__THE TASK__.
One range is to be output from the listing below, exactly as written: the line with "Beim Essen konnten" to the line with "Click Start to", both kept.

RECORDS PROVIDED START

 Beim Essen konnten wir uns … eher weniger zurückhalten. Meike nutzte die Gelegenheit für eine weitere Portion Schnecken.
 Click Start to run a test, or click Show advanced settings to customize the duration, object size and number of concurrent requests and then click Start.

RECORDS PROVIDED END
RECORDS PROVIDED START

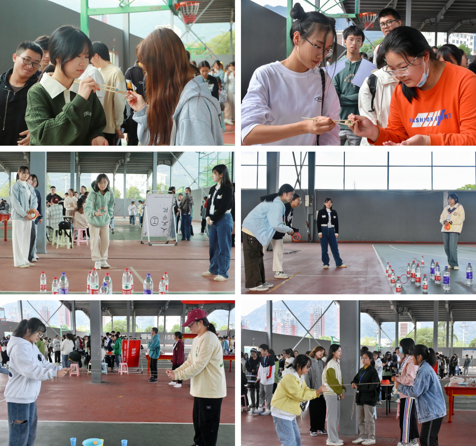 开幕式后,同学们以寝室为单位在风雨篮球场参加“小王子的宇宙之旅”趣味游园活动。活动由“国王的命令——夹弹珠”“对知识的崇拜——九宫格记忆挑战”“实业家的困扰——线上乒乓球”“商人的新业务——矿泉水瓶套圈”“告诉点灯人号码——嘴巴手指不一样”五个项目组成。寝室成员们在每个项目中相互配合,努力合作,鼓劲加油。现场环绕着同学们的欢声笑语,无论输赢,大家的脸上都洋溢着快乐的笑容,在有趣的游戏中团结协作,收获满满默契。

RECORDS PROVIDED END

__SOLUTION TO THE PROBLEM__.
 Beim Essen konnten wir uns … eher weniger zurückhalten. Meike nutzte die Gelegenheit für eine weitere Portion Schnecken.
 Click Start to run a test, or click Show advanced settings to customize the duration, object size and number of concurrent requests and then click Start.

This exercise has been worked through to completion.